The Heart and Soul of Springfield is the Maison Derrière

So apparently The Playboy Club is cancelled. And also apparently it was subversive, if by subversive one means "taking timid steps towards reflecting contemporary social reality." Of course, Mad Men (from whose notes The Playboy Club wholeheartedly cribbed) did it first; but chickened out (after nearly 3 seasons; plus, it hasn't yet returned from its hiatus so maybe it doesn't count as a TV show any more). On the other hand, Mad Men doesn't suck, which was The Playboy Club's problem from the beginning. And I do mean beginning: I only lasted 15 minutes into the first episode before abandoning the show as an uninspired drama hoping its sex appeal would conceal that fact.

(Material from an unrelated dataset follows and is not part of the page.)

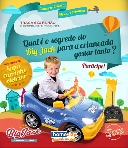 Com a diversão e a alimentação garantidas, os pais entram em ação! Para deixar a data mais especial, o Big Jack repete o sucesso e em parceria com a Home Play irá sortear três carros elétricos do modelo “Sout Car”, que funcionam com bateria recarregável. Desenvolvido para crianças com idade entre 3 e 5 anos, o carrinho acende os faróis, emite sons de motor e buzina, pode ser controlado internamente pela criança ou através de rádio controle remoto pelos pais: diversão na certa para os pequenos pilotos!

The thing is, The Playboy Club was doomed by trying to ride phantom coattails. Mad Men's coat isn't made of sex appeal. I dislike pretty much all of the characters on M. M., and I can't say I'm all that interested in the advertising industry. But the show is ethnographically captivating (in the same way that 1993's The Age of Innocence is, although for different reasons). I can't find the ref but I read somewhere that M. M. is uncommonly popular among higher-income viewers. The appeal of M. M. is not that of the average television drama. T. P. C.'s first episode was about a murder, which seems to be standard prime-time–drama fare: its main differences from other p.-t.–d.'s are being set in the 1960s and having its women (pardon me: "girls") spend most of their screen time in their 1960s underwear. It was plotted and costumed for the typical p.-t.–d. viewership but the marketing tried to exploit M. M.'s sophistication, suggesting it was a show for M. M.'s audience. Which it wasn't; it was M. M. for the Six-Packs. But the Six-Packs don't watch M. M., so that wasn't a draw (OK, OK, I'll be nuanced: some were disgusted by the association with the porn industry, some thought it would be too snooty, and some watched anyway because boobies); and even before it aired it was clear T. P. C. was going to be tawdry, which turned off the M. M. viewership. Plus it, you know, sucked. So those of the M. M. viewership who took a test drive didn't purchase.
The cancellation of T. P. C. might have something to do with wingnut-dominated cultural discourse, but I'm inclined to think it had more to do with the success (particularly the lack thereof) of the show (which may have had something to do with wingnut-dominated cultural discourse but I suspect had more to do with not being something anybody wanted to watch). Networks might be a little more sensitive to the explicit demands of the right than to the hopes of the left, but the dollar drowns us all out. It was an orphan bastard.